When asked which value proposition resonates most, interoperability among lakehouse tooling and ACID Transaction through less duplicative storage each register at 35.7%. Cost Reductions register at 14.3%. Faster transactions over Hive or Parquet also register at 14.3%.

Satisfaction and Contribution

Satisfaction levels are positive but measured. 51.9% rate performance and reliability at 4 out of 5. 18.5% rate it at 5 out of 5. 29.6% rate it at 3 out of 5. There are no significant low ratings.

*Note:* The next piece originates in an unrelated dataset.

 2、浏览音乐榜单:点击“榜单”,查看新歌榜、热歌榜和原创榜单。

Contribution engagement is notable. 46.2% report occasional contributions. 7.7% report active contribution. 42.3% report plans to contribute in the future. The ecosystem is participatory and evolving through practitioner input.

Strategic Observations

Spark remains foundational at 96.4%, but Iceberg is inherently multi-engine. Commercial engines such as Dremio, at 17.9%, compete within their category even as open engines dominate overall usage.

AWS Glue leads catalog usage at 39.3%, but fragmentation persists. Nessie and Polaris demonstrate strong presence. Polaris’s 21.4% visibility early in its Apache lifecycle signals momentum around open REST-aligned governance.

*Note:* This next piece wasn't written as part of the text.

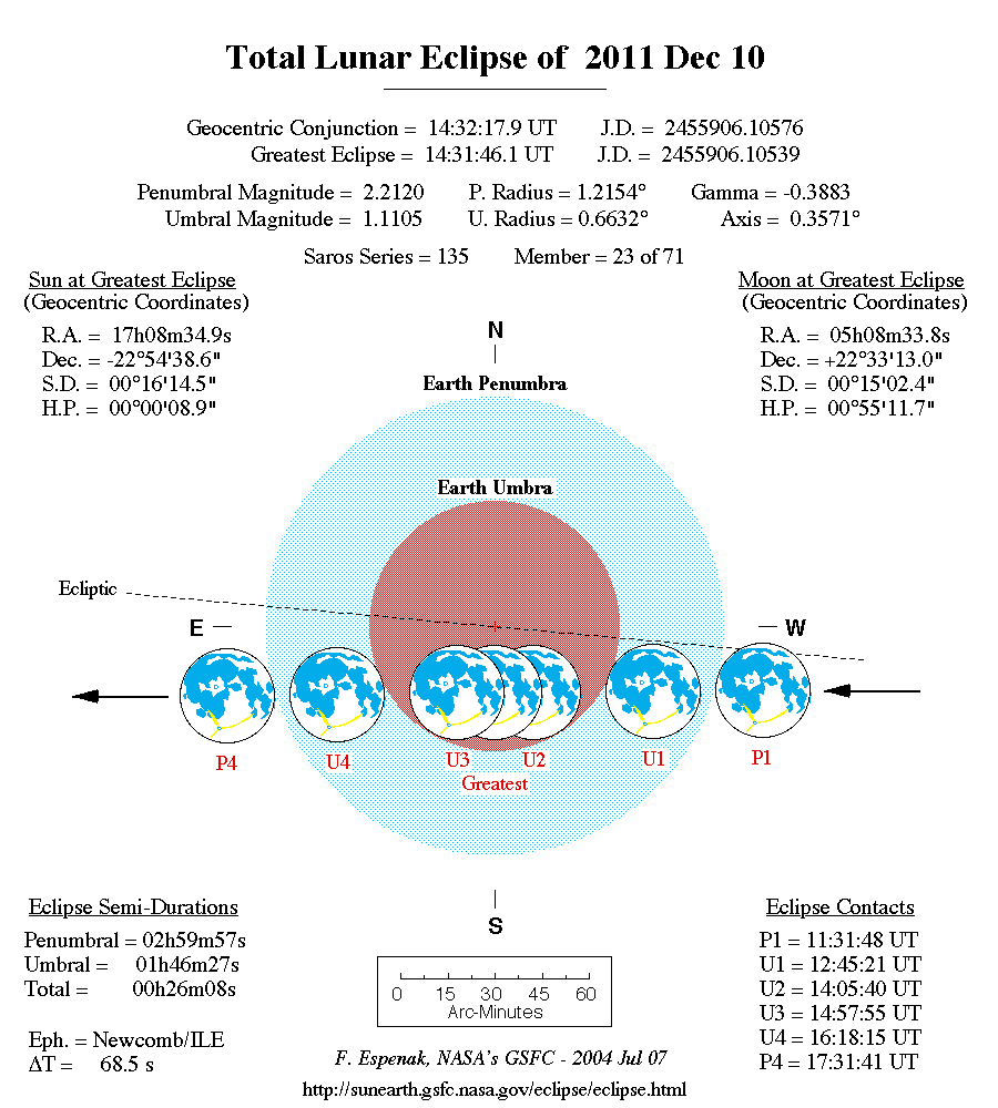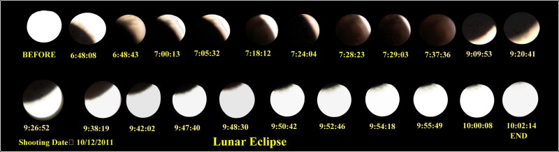 2011년 12월 10일에 발생한 개기 월식은 지역에 따라 관측 시간이 달랐다.[7][8]

Materialized views at 37% and default column values at 33.3% point toward a future centered on performance primitives and schema intelligence.

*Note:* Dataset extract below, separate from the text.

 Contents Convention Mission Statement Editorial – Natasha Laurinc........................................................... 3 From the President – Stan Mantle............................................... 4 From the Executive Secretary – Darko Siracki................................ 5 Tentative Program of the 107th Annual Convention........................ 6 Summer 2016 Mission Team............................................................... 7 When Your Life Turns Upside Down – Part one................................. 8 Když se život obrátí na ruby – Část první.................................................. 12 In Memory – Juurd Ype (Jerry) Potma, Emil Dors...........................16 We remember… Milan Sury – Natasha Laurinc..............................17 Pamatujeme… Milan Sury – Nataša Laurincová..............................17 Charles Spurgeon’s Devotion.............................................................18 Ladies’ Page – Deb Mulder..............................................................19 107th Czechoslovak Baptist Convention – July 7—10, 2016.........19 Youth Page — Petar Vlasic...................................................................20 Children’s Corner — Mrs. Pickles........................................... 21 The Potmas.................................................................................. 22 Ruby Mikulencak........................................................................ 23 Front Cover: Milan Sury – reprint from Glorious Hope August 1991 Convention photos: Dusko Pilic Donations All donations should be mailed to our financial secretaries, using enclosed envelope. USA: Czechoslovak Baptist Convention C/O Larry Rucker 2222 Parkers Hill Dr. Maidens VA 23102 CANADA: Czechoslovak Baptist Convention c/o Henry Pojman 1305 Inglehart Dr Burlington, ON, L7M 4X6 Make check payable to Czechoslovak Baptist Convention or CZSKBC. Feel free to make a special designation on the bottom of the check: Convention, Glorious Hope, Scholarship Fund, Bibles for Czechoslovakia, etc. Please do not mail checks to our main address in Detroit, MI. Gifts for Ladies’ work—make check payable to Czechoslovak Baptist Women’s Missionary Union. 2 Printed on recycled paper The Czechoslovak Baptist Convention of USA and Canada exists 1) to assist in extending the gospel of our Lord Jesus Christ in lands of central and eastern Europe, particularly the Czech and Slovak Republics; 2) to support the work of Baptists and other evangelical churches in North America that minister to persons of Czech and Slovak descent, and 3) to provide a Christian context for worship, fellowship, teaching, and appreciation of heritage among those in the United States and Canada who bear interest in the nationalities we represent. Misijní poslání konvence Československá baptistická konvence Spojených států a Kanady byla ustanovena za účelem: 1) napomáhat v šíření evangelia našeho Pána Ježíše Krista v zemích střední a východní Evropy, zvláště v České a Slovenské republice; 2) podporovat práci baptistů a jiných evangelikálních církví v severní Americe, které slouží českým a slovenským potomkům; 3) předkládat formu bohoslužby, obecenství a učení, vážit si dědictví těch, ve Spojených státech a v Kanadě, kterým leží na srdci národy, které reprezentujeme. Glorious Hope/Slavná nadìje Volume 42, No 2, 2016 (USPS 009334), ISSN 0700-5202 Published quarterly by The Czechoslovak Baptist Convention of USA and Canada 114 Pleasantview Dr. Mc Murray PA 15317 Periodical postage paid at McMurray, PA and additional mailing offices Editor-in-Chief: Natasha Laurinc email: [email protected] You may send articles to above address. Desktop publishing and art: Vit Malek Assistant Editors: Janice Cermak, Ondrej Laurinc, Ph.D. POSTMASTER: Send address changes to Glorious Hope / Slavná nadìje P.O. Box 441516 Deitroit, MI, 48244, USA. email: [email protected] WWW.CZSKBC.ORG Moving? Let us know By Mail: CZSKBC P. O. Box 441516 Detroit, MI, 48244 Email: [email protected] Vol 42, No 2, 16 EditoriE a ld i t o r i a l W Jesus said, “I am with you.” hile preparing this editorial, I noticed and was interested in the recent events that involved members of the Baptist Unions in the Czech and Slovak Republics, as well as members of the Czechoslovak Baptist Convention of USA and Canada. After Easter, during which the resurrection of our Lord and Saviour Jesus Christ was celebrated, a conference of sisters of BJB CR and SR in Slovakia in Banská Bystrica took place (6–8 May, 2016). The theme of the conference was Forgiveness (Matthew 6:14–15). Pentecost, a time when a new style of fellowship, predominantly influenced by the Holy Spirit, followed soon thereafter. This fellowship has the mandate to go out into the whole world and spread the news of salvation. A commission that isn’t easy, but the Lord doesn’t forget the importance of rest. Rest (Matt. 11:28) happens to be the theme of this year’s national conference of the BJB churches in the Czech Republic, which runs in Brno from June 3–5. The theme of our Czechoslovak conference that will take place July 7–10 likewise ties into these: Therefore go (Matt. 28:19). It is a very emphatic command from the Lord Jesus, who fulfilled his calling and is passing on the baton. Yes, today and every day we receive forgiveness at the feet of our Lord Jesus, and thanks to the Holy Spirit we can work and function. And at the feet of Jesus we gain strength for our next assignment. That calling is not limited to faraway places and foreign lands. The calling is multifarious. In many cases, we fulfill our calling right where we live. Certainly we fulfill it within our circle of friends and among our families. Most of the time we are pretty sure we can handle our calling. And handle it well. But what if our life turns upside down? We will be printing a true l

Interoperability and cost, each at 35.7%, remain Iceberg’s strongest structural advantages.

Iceberg has crossed the production threshold. The next phase will focus on metadata optimization, governance clarity, and multi-engine coherence rather than basic transactional guarantees.

To follow how these trends develop and to participate in the next survey cycle, follow Alex Merced at DataLakehouseHub.com and Andrew Madson at InsightsXDesign. The future of the Iceberg ecosystem will be shaped by those who build with it.

Raw Results

State of the Apache Iceberg Ecosystem — Raw Results (%)

Primary Role / Job Function

  • Data Engineer: 29.6%
  • Software Engineer: 25.9%
  • Architect (Data/Solutions/Enterprise): 25.9%
  • Data Scientist / ML Engineer: 14.8%
  • Other roles (Manager, Product, Executive, etc.): Remaining %

Years Working in Data Space

  • 1–5 Years: 32.1%
  • 10–20 Years: 28.6%
  • 20+ Years: 17.9%
  • 5–10 Years: 17.9%
  • Less than 1 Year: Remaining %

Familiarity with Apache Iceberg

  • Moderately Experienced: 60.7%
  • Expert: 25.0%
  • Limited Experience: 14.3%
  • Not Familiar: 0%

Table Formats Used (Select All That Apply)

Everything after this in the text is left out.